In March of 2020, Talie once again returned to New Zealand and got stuck in the COVID lockdown there. She hung out in Dunedin and kept busy walking her friend’s dogs.
When she was finally able to return to the states in July of 2020, to deal with a loose screw in her knee, she moved back into her camper for a year, until the cancer returned in 2021. Her leg had to be amputated midway through the femur in June that year, and later the surgeons had to perform a disc articulation, removing her femur from the hip. “It was really more difficult than I thought it would be but it’s what I’ve got and there’s no sense crying over spilt milk,” she says bravely.
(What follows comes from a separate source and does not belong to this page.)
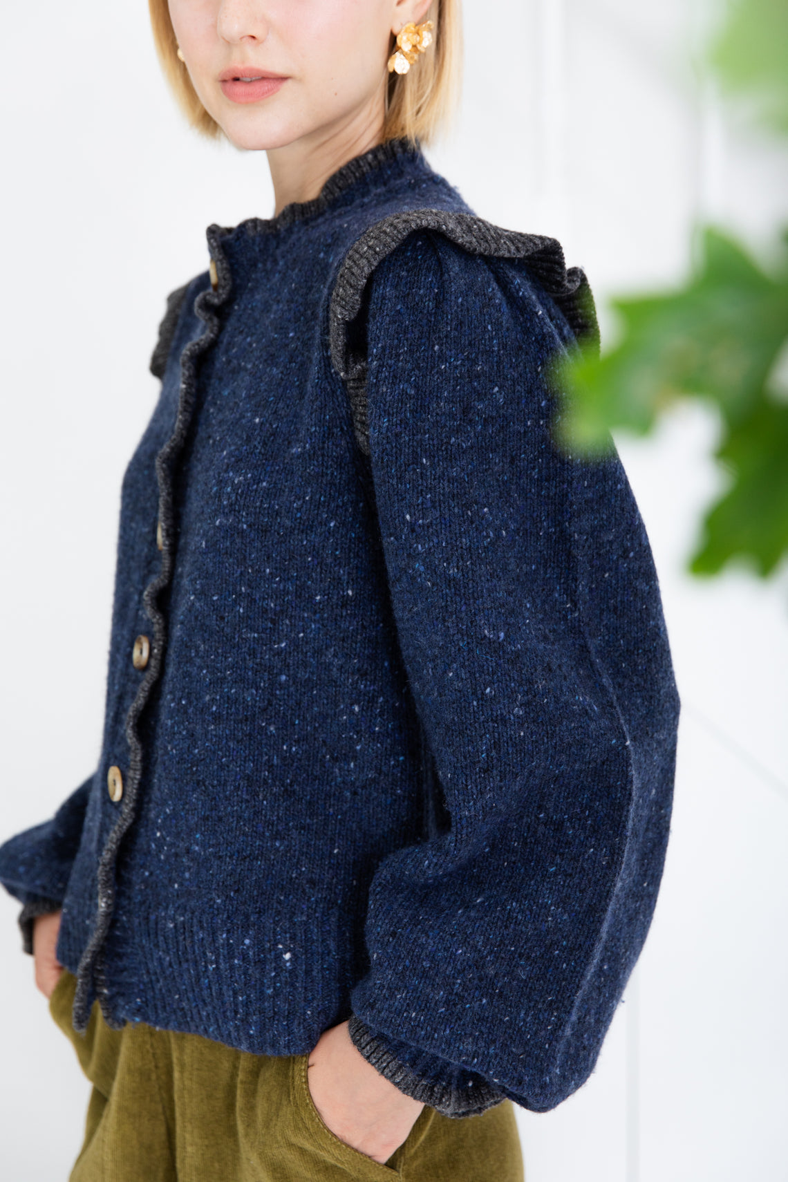 The sleeve is voluminous and features a feminine frill at the armhole in a tonal contrast colour. The cuff is ribbed with a delicate contrast tipped frill edge.

Talie was fitted with a prosthetic in January and she’s been going out with Adaptive Sports to train, focused on doing the Summit Hike for Living Journeys.
Last September, Talie moved into an apartment in town, “I need to stay positive, so I do what I can do and be happy with it and I won’t know what I can do until I try it. I can bike up the rec path and I can get around town on my recumbent bike. Living Journeys has been really helpful in my process, they’re a really good support group for people who’ve dealt with cancer. Once a week they do a meal for people living with cancer and deliver it and through Mountain Roots, they bring me a bag of fresh vegetables once a week. It’s a great program so whatever I can do to help them, like the Summit Hike, is important to me. Adaptive is also really supportive. They take me out hiking a couple times a week.”
Talie is a tenacious and determined survivor who is appreciative of her community, and the opportunities and support that Adaptive Sports and Living Journeys bring, “I’m blessed that I live in Crested Butte. I’ve been here 41 years and it still takes my breath away. It’s still the best place on the planet.”